▸ DATA SECTION
——————
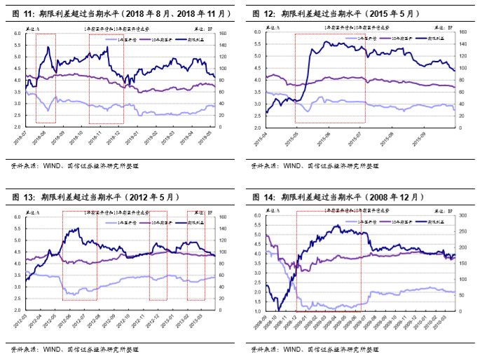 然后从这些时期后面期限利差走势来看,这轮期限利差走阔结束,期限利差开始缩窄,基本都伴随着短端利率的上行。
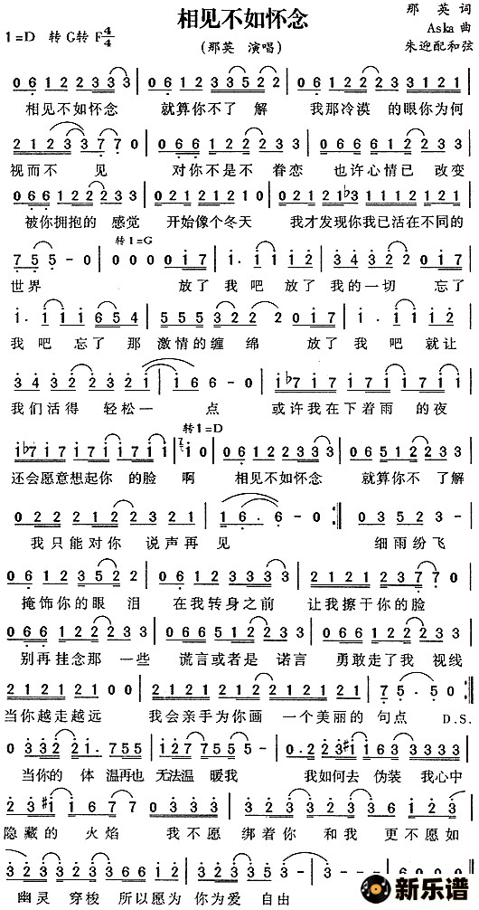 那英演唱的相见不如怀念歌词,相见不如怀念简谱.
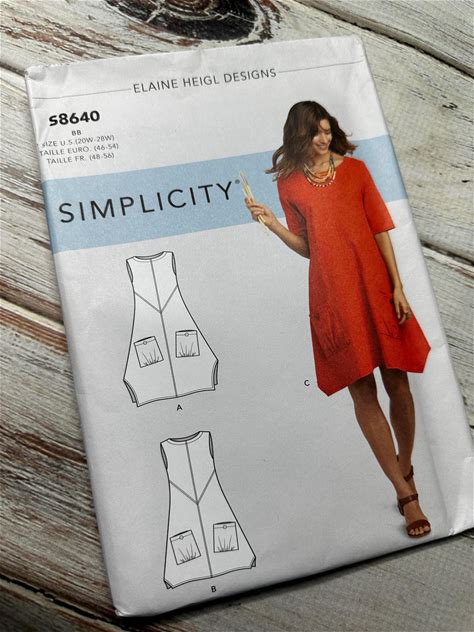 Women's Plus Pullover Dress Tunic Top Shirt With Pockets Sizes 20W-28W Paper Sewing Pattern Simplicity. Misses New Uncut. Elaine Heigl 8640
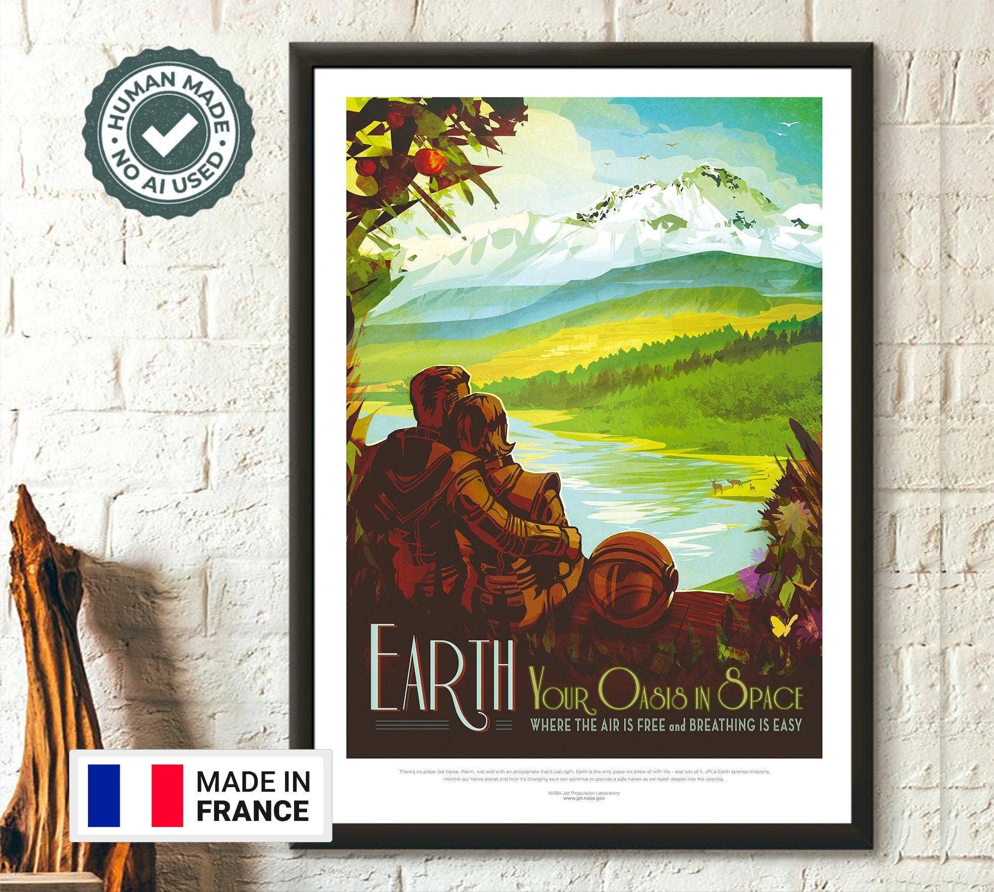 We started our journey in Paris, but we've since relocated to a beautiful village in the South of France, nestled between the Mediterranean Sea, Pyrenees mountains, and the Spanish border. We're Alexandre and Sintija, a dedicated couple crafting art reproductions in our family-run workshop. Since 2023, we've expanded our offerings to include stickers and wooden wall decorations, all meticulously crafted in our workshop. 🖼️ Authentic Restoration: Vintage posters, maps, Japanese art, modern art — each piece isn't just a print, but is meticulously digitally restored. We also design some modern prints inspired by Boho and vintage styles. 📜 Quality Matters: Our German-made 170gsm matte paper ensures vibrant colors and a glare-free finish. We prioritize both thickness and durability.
——————
▸ WORK TO COMPLETE
Without the pictures, retype all of the data above exactly.

▸ SOLUTION FOR THIS TASK
 然后从这些时期后面期限利差走势来看,这轮期限利差走阔结束,期限利差开始缩窄,基本都伴随着短端利率的上行。
 那英演唱的相见不如怀念歌词,相见不如怀念简谱.
 Women's Plus Pullover Dress Tunic Top Shirt With Pockets Sizes 20W-28W Paper Sewing Pattern Simplicity. Misses New Uncut. Elaine Heigl 8640
 We started our journey in Paris, but we've since relocated to a beautiful village in the South of France, nestled between the Mediterranean Sea, Pyrenees mountains, and the Spanish border. We're Alexandre and Sintija, a dedicated couple crafting art reproductions in our family-run workshop. Since 2023, we've expanded our offerings to include stickers and wooden wall decorations, all meticulously crafted in our workshop. 🖼️ Authentic Restoration: Vintage posters, maps, Japanese art, modern art — each piece isn't just a print, but is meticulously digitally restored. We also design some modern prints inspired by Boho and vintage styles. 📜 Quality Matters: Our German-made 170gsm matte paper ensures vibrant colors and a glare-free finish. We prioritize both thickness and durability.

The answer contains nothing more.